First, this deployment workflow implements a component named Tweet Extraction, which includes the Twitter API Connector node – to connect to the Twitter API – and the Twitter Search node to query the API for tweets with a given hashtag. We used configuration nodes inside the component to enable users to enter their Twitter credentials and specific search query. Configuration nodes within the component create the configuration dialogue of the components for the Twitter credentials and the search query. By default, the Twitter API returns the tweets from last week, along with data about the tweet, the author, the time of tweeting, the author’s profile image, the number of followers, and the tweet ID.
This process is followed by some post-processing that will help improve visualizations of our data further down the line. On the one hand we want to remove retweets as they can become excessive and impair the legibility of visualizations – and on the other hand – we want to format the tweets’ timestamps to make the visualizations less cluttered.
The process of tagging words in tweets, deriving sentiment scores and finally predicting their sentiments is no different from what we described for the first workflow. However, since we do not have labels for the tweets here, we can only assess the performance of the lexicon-based predictor subjectively, relying on our own judgment.
Dashboard to visualize and assess performance
To help us assess the performance, we implemented a composite visualization that combines (1) the tweets; (2) a word cloud in which the tweets appear with sizes that correspond to their frequency; and (3) a bar chart with the number of tweets per sentiment per date. This visualization is interactive. Users can click different bars in the bar chart to modify the content selection of the word cloud, for example.
In terms of structure, the workflow uses the Document Data Extractor node to retrieve all tweet information stored in the Document column, and the Joiner node to join the profile image back to the tweet. Next, a dashboard produces the word cloud, the bar chart, and a table with all extracted tweets.
Now let’s take a closer look at how this predictor works in practice.
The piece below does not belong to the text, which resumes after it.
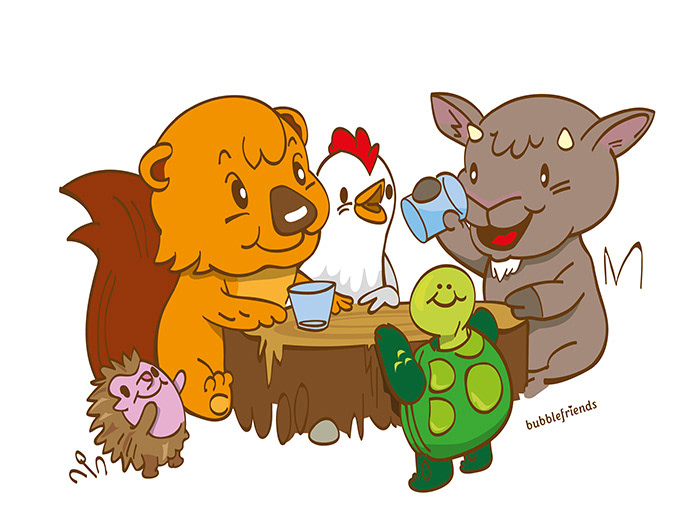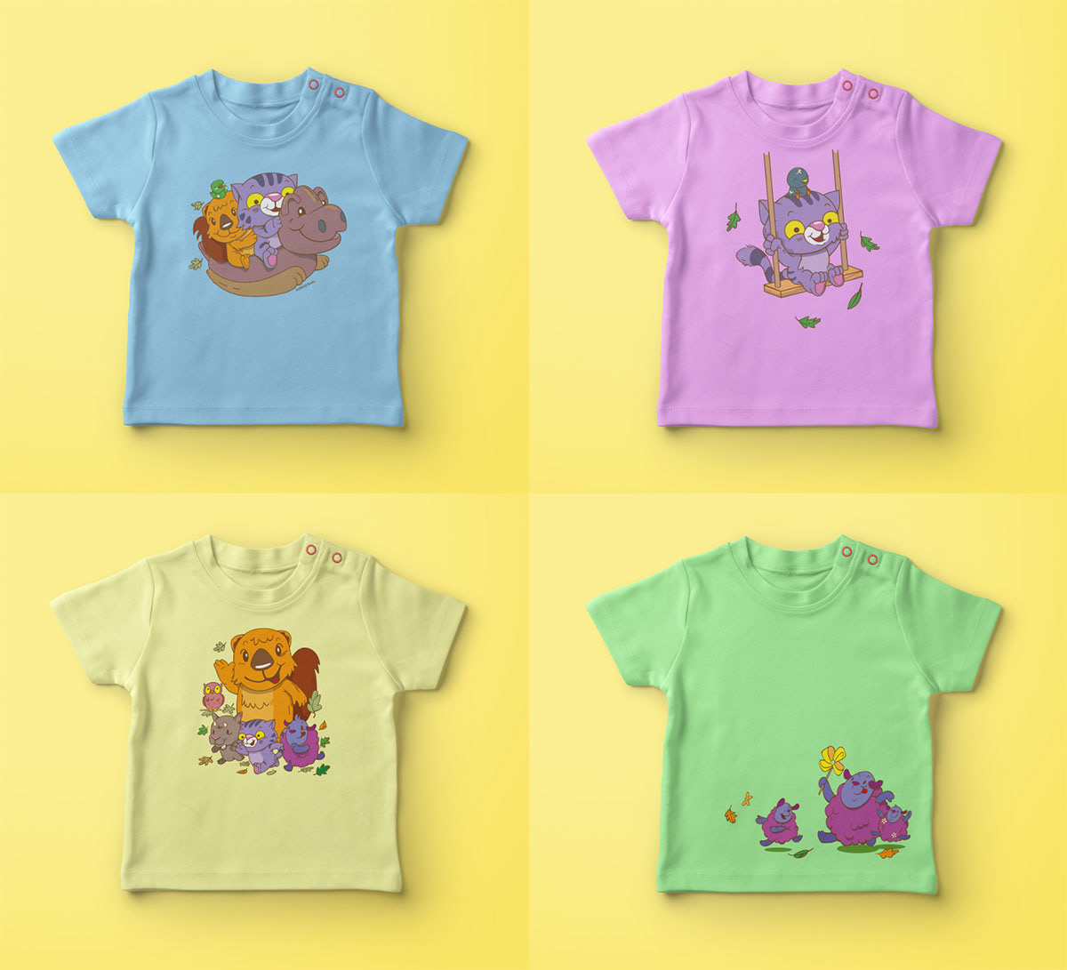 Symphatiefiguren für einen Wildpark. Otter, Ziege, Wildkatze und Schaf. Nett und freundlich. Zielgruppe sind Kinder von 2-5 Jahren.

Consider at first the content of the following tweet:
@VirginAmerica I <3 pretty graphics. so much better than minimal iconography. :D
The words “pretty” and “better” were tagged by our predictor as positive; no words were tagged as negative. This led to StSc = 1, meaning the tweet was then classified as having positive sentiment — something with which most annotators may agree. Let’s now take a look at a different example, for which our predictor fails:
@AmericanAir @SKelchlin What kind of response is this from an airline? "When they can?". How about an apology.
The word “kind” was tagged as positive, even though it does not correspond to a positive adjective in this context, and no words were tagged as negative. Consequently, the tweet was classified as positive even though it in fact corresponds to a complaint.
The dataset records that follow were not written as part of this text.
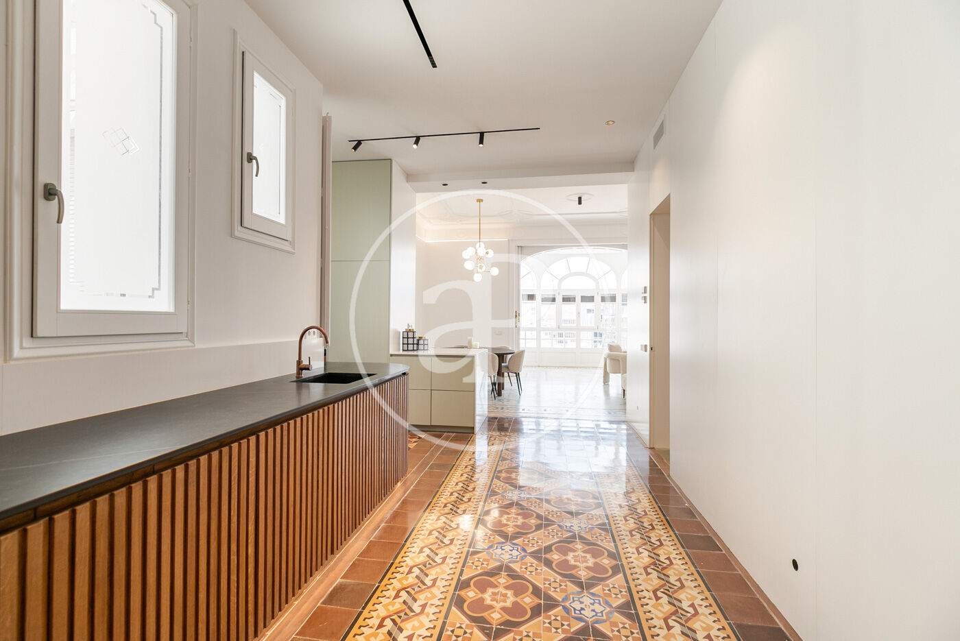 Amb una ubicació excepcional, en ple Quadrat D´Or de Barcelona, en una quarta planta d'una impressionant finca règia típica de l'Eixample Barceloní, trobem aquest habitatge completament reformat amb qualitats màximes conservant detalls originals de l'època. Per a la restauració, s'han conservat els elements diferencials que inclouen a aquests pisos en la categoria de més desitjats de l'Eixample: sostres de 3,5 metres d'altura amb motllures i sòls de paviment noia, de gran valor patrimonial.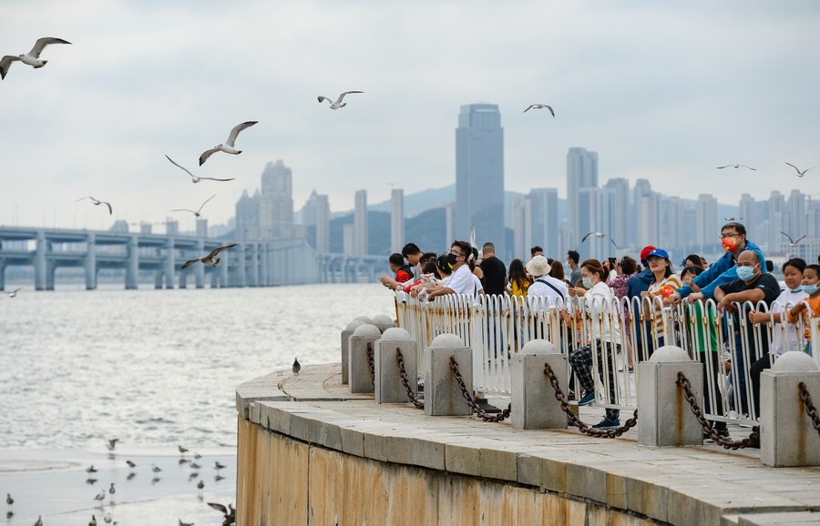 Citizens are seen at the Xinghai Square in Dalian, northeast China's Liaoning Province, Oct. 1, 2022. Saturday marks the first day of China's week-long National Day holiday. (Photo by Zou Jingyi/Xinhua)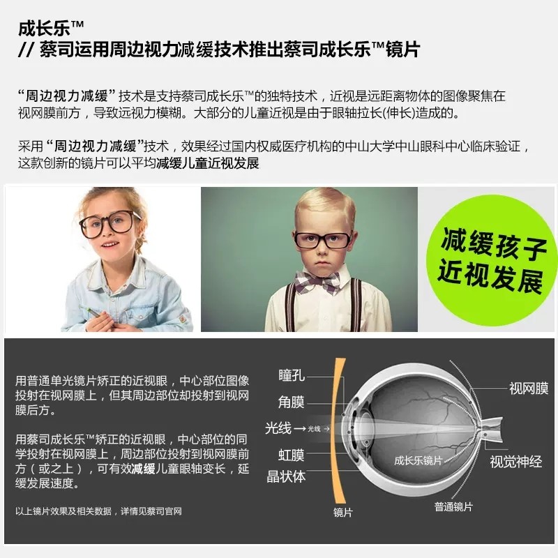 蔡司成长乐莲花膜儿童防控学生近视镜片离焦铂金膜配近视镜防蓝光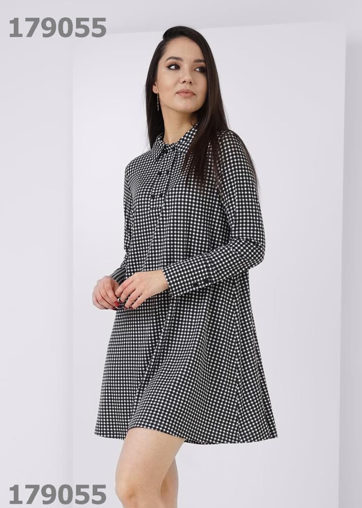 Платье из вискозного трикотажного полотна,немного расклешенное книзу.Длиной ниже колена.По горловине отложной воротник.Спереди притачная планка, застежка на пуговицы в два ряда.тВтачной длинный рукав,по низу рукава высокий манжет с застежкой на пуговицы.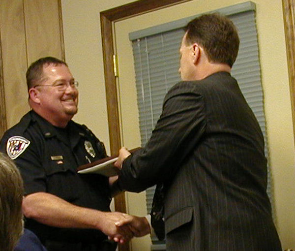 Chief of Police Gary Smith presented State's Attorney Ray Cavanaugh with a plaque of appreciation from the village board and the Stronghurst Police Department. Cavanaugh has been appointed as an associate judge in the Ninth Judicial Circuit. Chief Smith thanked Cavanaugh for all the help he gave in setting up the Stronghurst Police Department.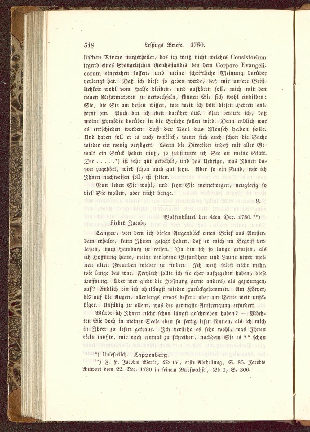 °°) F> H- Jacobis Werke, Bd iv, erste Abtheilung, S. 85. JacobisAntwort vom 22. Dec. 1780 I» seinem Briefwechsel, Bd I, S. 30«.

These examples illustrate a few limitations of the lexicon-based approach: it does not take the context around words into consideration, nor is it powerful enough to handle homonyms, such as “kind”.
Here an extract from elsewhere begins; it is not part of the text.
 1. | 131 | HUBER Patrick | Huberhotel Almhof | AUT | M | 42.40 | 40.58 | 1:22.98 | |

Sentiment Predictor: Insightful for Baseline Analysis
Lexicon-based sentiment analysis is an easy approach to implement and can be customized without much effort. The formula for calculating sentiment scores could, for example, be adjusted to include frequencies of neutral words and then verified to see if this has a positive impact on performance. Results are also very easy to interpret, as tracking down the calculation of sentiment scores and classification is straightforward.
Despite its low performance, a lexicon-based sentiment predictor is insightful for preliminary, baseline analysis. It provides analysts with insights at a very low cost and saves them a lot of time otherwise spent analyzing data in spreadsheets manually.
Feel free to download the workflows we have described here and try out the effect of adjusting how sentiment scores are calculated.